Data shown:
==================================================

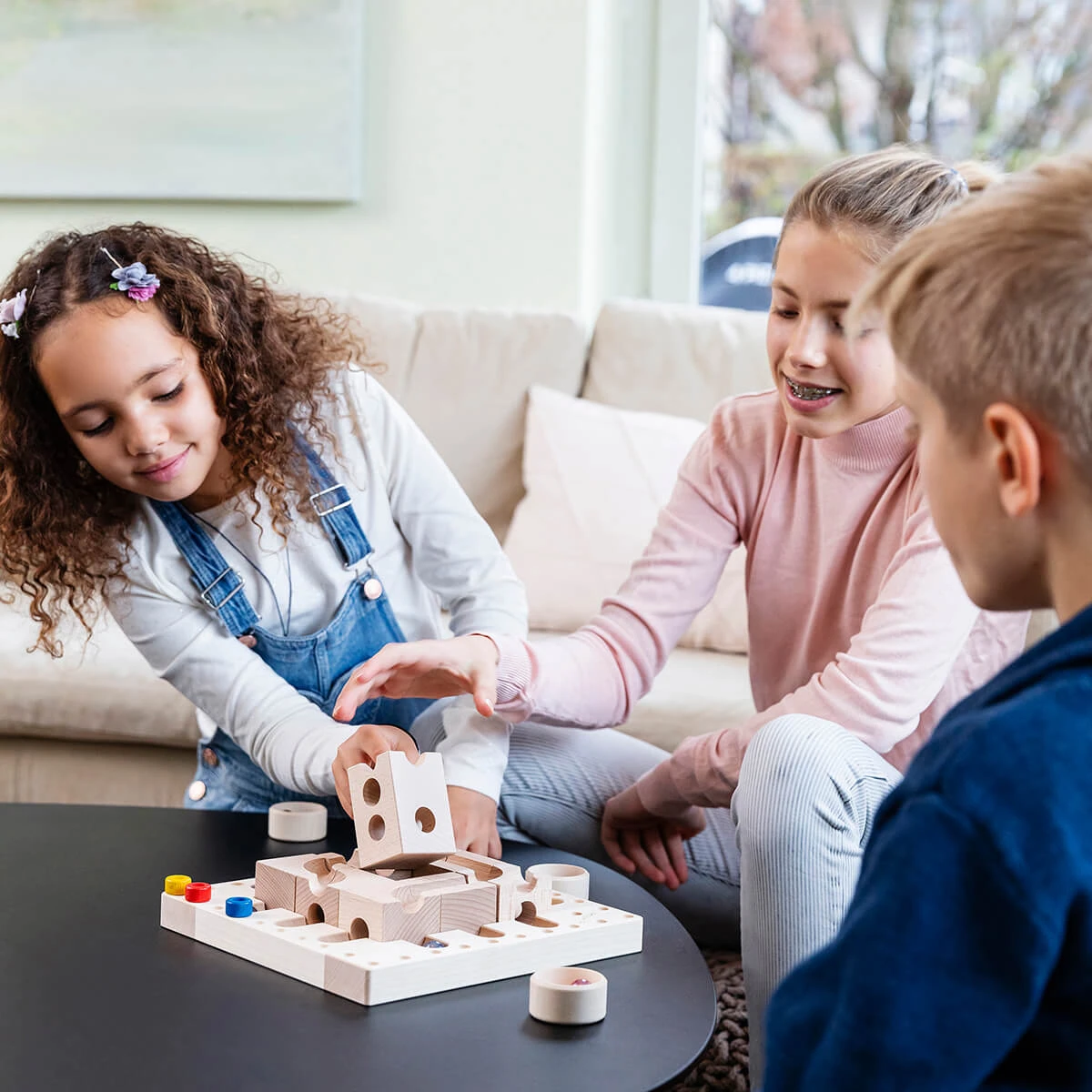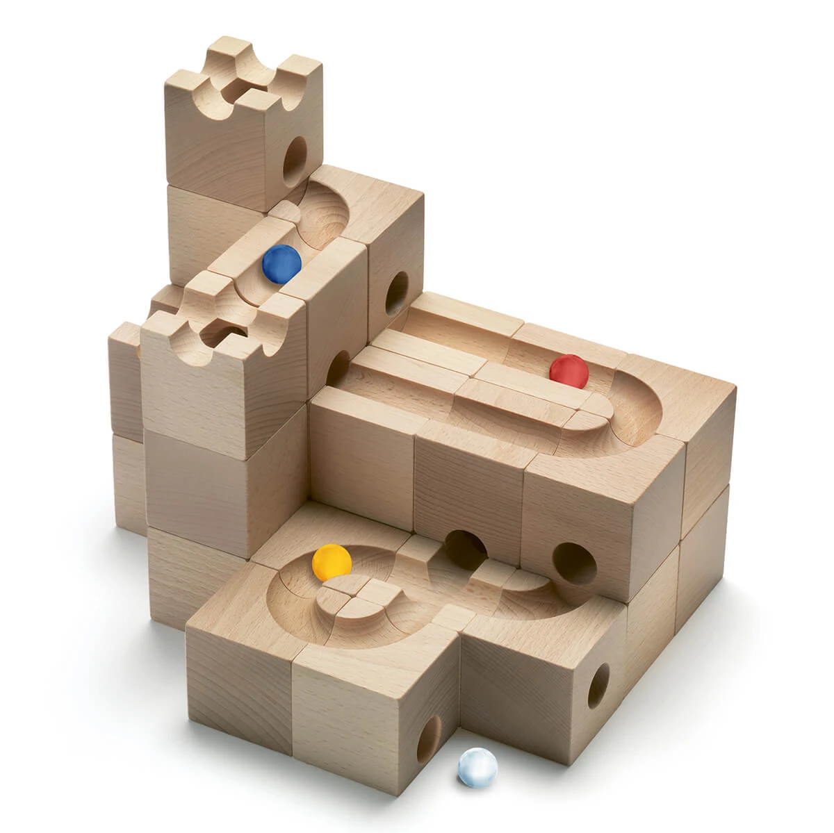 The Cuboro marble run system from Switzerland has been inspiring generations worldwide since 1986. Made from high quality and sustainable Swiss beech wood, the marble run system consists of over 100 different Cuboro elements with various functions. Through creative combinations and logical planning, you can create an infinite number of marble runs.
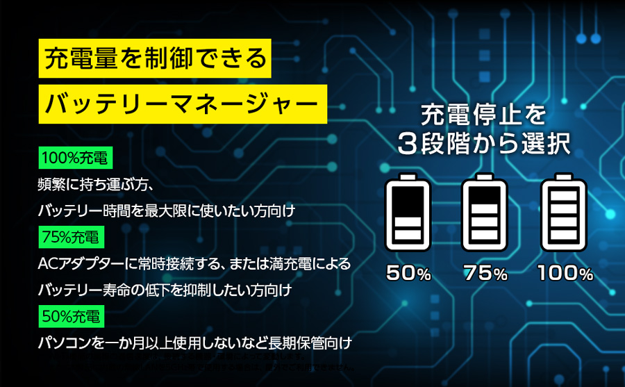 バッテリーマネージャーによる充電容量の設定が可能(100% / 75% / 50%から選択)
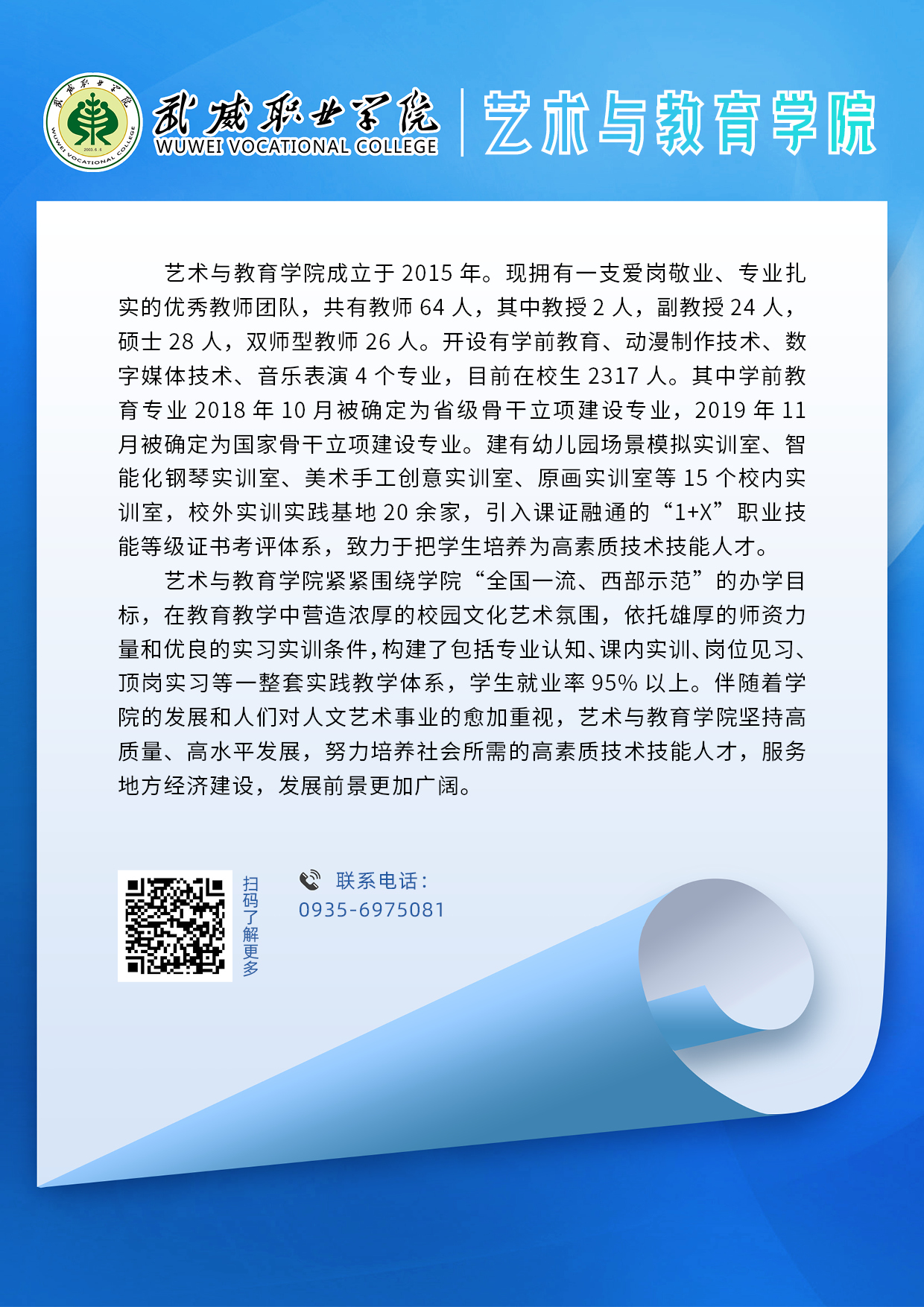 武威職業(yè)學(xué)院二級學(xué)院專業(yè)簡介丨藝術(shù)與教育學(xué)院

==================================================

Task objective: Pictures are skipped here. Print exactly, and only, the lines from the one holding "バッテリーマネージャーによる充電容量の設定が可能(100% / 75%" through the final line of the material above, both ends included.

Task output:
 バッテリーマネージャーによる充電容量の設定が可能(100% / 75% / 50%から選択)
 武威職業(yè)學(xué)院二級學(xué)院專業(yè)簡介丨藝術(shù)與教育學(xué)院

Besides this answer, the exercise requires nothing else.